Updates the provider and model for the agent.

  • provider (str): The name of the provider to use.

create_tool(name, description, parameters)

Creates a new tool for the agent.

  • name (str): The name of the tool.
  • description (str): A brief description of what the tool does.
  • parameters (dict): A dictionary describing the parameters for the tool.

generate_response(system_prompt, prompt)

Generates a response based on the given system prompt and user prompt.

  • system_prompt (str): The system instructions for the AI.
  • prompt (str): The user's input prompt.

Returns: The generated response (str or list).

poke(prompt)

A simplified interface to generate a response.

  • prompt (str): The user's input prompt.

Returns: The generated response (str or list).

tts_poke(prompt, voice)

Generates a text-to-speech response.

  • prompt (str): The text to convert to speech.
  • voice (str, optional): The voice sample to use.

Returns: Path to the generated audio file (str).

generate_image(prompt, file_path=None)

Generates an image based on the given prompt.

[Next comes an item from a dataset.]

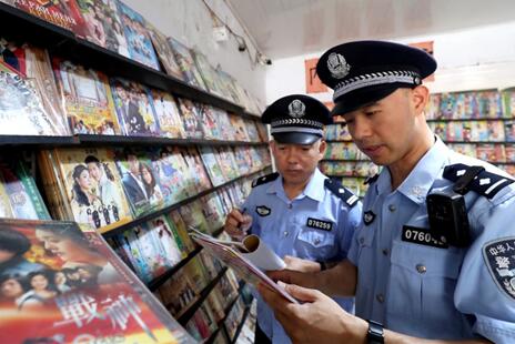 Des policiers du Bureau de la sécurité publique du canton de Xincai, dans la province du Henan, inspectent un magasin de produits audiovisuels du secteur, le 23 ao?t 2018. (Wang Yuxin / vip.people.com.cn)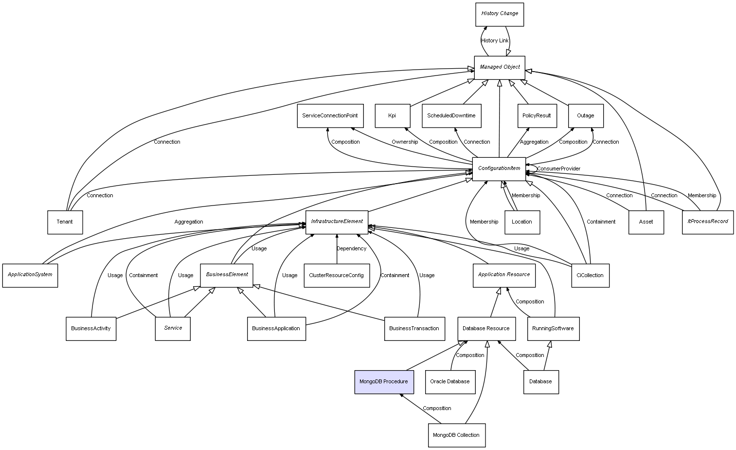 | ConfigurationItem | ServiceConnectionPoint | Composition | Represents a relation between 2 objects where one is contained within the other, and the included object can not exist without its container. Therefore, when the container is deleted, all its contained object will be automatically removed |

  • prompt (str): The description of the image to generate.
  • file_path (str, optional): The path to save the generated image.

Returns: URL or path of the generated image (str).

help()

Provides help information about the agent's capabilities.

Returns: A string containing help information.

Usage Example

agent = Agent(model="gpt-3.5-turbo", provider="openai")
response = agent.poke("Tell me a joke about programming.")
print(response)

image_url = agent.generate_image("A serene landscape with mountains and a lake")
print(f"Generated image: {image_url}")

agent.update_provider("mistral")
mistral_response = agent.poke("Explain quantum computing.")
print(mistral_response)

Notes

  • The Agent class supports multiple AI providers and models, including OpenAI, OpenRouter, Mistral, Replicate, Anthropic, Google, and Hugging Face.
  • The update_provider method allows switching between different AI providers dynamically.
  • Image generation and text-to-speech functionalities depend on the chosen provider and model.
  • The tools feature allows for extending the agent's capabilities with custom functions.
  • The class handles different initialization and API call procedures for each provider.
  • Error handling is implemented for API calls, with detailed error messages printed for debugging.
  • The conversation history is maintained and can be used in generating responses if the history flag is set.
  • The class supports various parameters for fine-tuning text generation, such as temperature, top_k, top_p, and various penalties.
  • API keys are expected to be set as environment variables (e.g., OPENAI_API_KEY, MISTRAL_API_KEY, OPENROUTER_API_KEY).